PROBLEM DESCRIPTION >> Your copy should begin at the line containing "As shown in" and end at the last line of the records below, matching each line exactly and leaving out pictures.

################

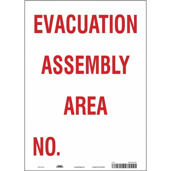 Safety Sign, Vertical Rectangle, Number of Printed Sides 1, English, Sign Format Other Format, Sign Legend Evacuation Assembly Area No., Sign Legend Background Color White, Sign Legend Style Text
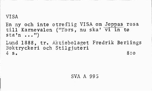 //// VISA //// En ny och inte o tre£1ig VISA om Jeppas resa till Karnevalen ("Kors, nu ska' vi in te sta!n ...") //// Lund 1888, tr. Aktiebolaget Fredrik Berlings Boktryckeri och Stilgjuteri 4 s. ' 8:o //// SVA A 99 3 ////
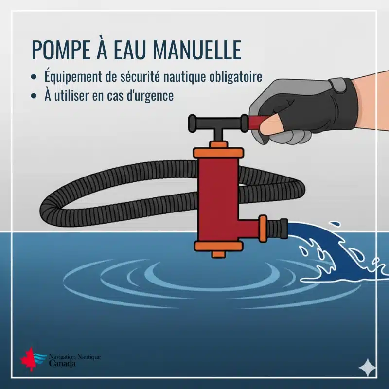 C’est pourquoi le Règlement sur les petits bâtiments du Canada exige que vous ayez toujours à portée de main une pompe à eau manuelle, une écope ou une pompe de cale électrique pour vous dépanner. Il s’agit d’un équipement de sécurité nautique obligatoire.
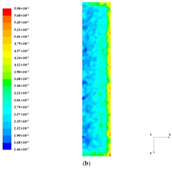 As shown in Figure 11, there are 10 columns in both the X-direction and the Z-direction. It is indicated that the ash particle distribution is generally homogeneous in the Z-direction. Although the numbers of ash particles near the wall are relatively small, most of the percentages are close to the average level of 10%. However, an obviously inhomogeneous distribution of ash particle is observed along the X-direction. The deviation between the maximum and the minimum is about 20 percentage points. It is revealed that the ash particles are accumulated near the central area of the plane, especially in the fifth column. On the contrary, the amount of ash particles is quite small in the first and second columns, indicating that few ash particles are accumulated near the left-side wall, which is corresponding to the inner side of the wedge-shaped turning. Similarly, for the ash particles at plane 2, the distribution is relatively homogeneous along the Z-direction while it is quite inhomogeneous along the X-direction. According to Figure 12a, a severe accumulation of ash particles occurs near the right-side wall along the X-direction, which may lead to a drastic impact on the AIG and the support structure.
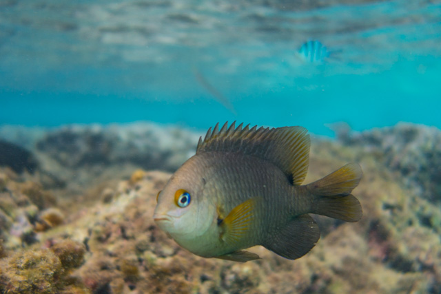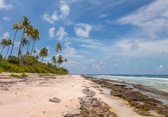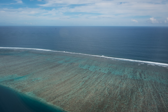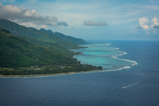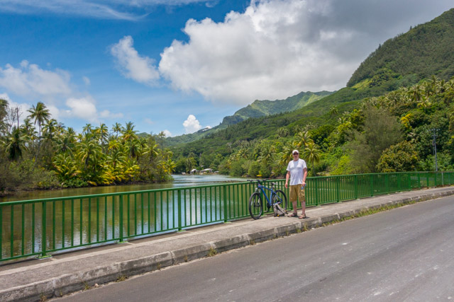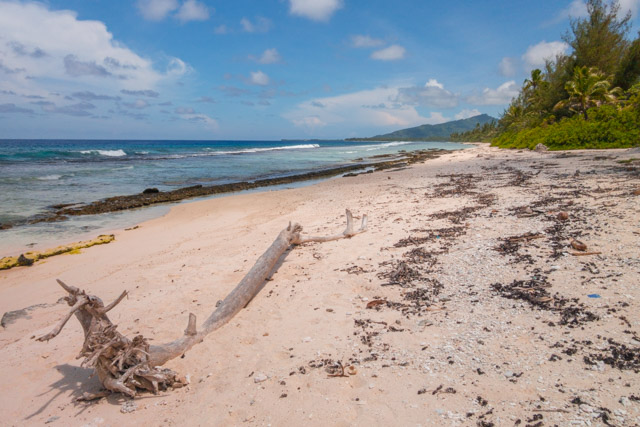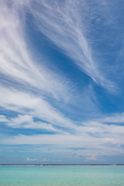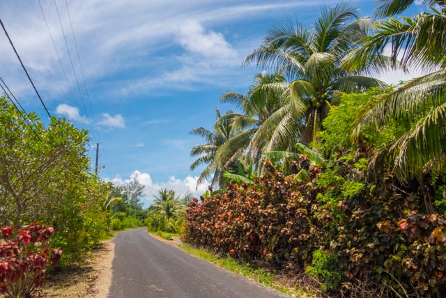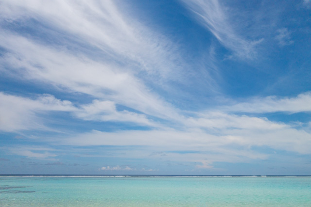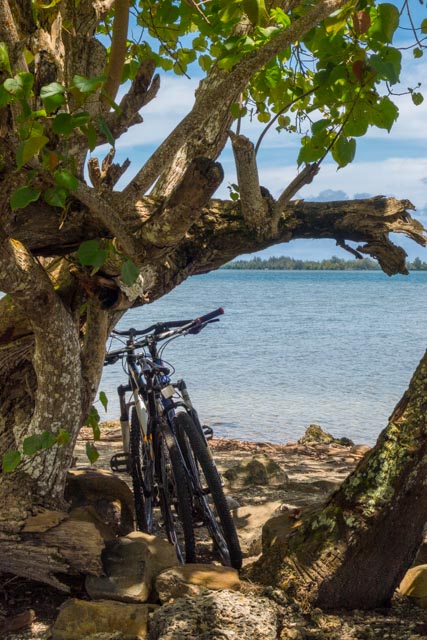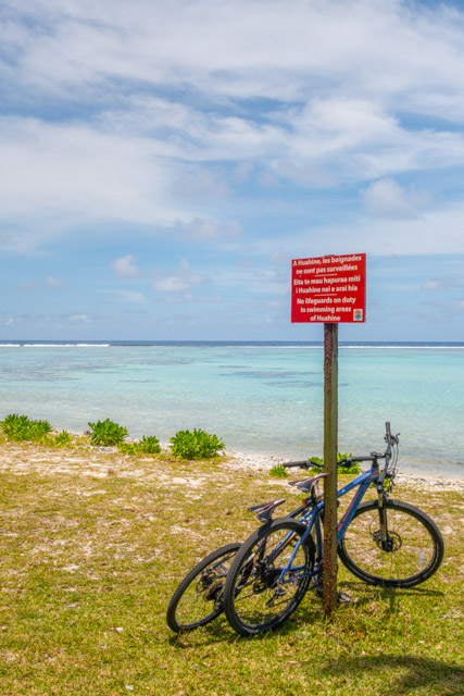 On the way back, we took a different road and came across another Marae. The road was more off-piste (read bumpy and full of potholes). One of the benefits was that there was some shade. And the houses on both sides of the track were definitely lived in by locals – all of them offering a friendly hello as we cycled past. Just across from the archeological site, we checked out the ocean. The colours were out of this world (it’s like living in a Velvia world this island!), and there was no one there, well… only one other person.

################

ANSWER TO THE PROBLEM >>
 As shown in Figure 11, there are 10 columns in both the X-direction and the Z-direction. It is indicated that the ash particle distribution is generally homogeneous in the Z-direction. Although the numbers of ash particles near the wall are relatively small, most of the percentages are close to the average level of 10%. However, an obviously inhomogeneous distribution of ash particle is observed along the X-direction. The deviation between the maximum and the minimum is about 20 percentage points. It is revealed that the ash particles are accumulated near the central area of the plane, especially in the fifth column. On the contrary, the amount of ash particles is quite small in the first and second columns, indicating that few ash particles are accumulated near the left-side wall, which is corresponding to the inner side of the wedge-shaped turning. Similarly, for the ash particles at plane 2, the distribution is relatively homogeneous along the Z-direction while it is quite inhomogeneous along the X-direction. According to Figure 12a, a severe accumulation of ash particles occurs near the right-side wall along the X-direction, which may lead to a drastic impact on the AIG and the support structure.
 On the way back, we took a different road and came across another Marae. The road was more off-piste (read bumpy and full of potholes). One of the benefits was that there was some shade. And the houses on both sides of the track were definitely lived in by locals – all of them offering a friendly hello as we cycled past. Just across from the archeological site, we checked out the ocean. The colours were out of this world (it’s like living in a Velvia world this island!), and there was no one there, well… only one other person.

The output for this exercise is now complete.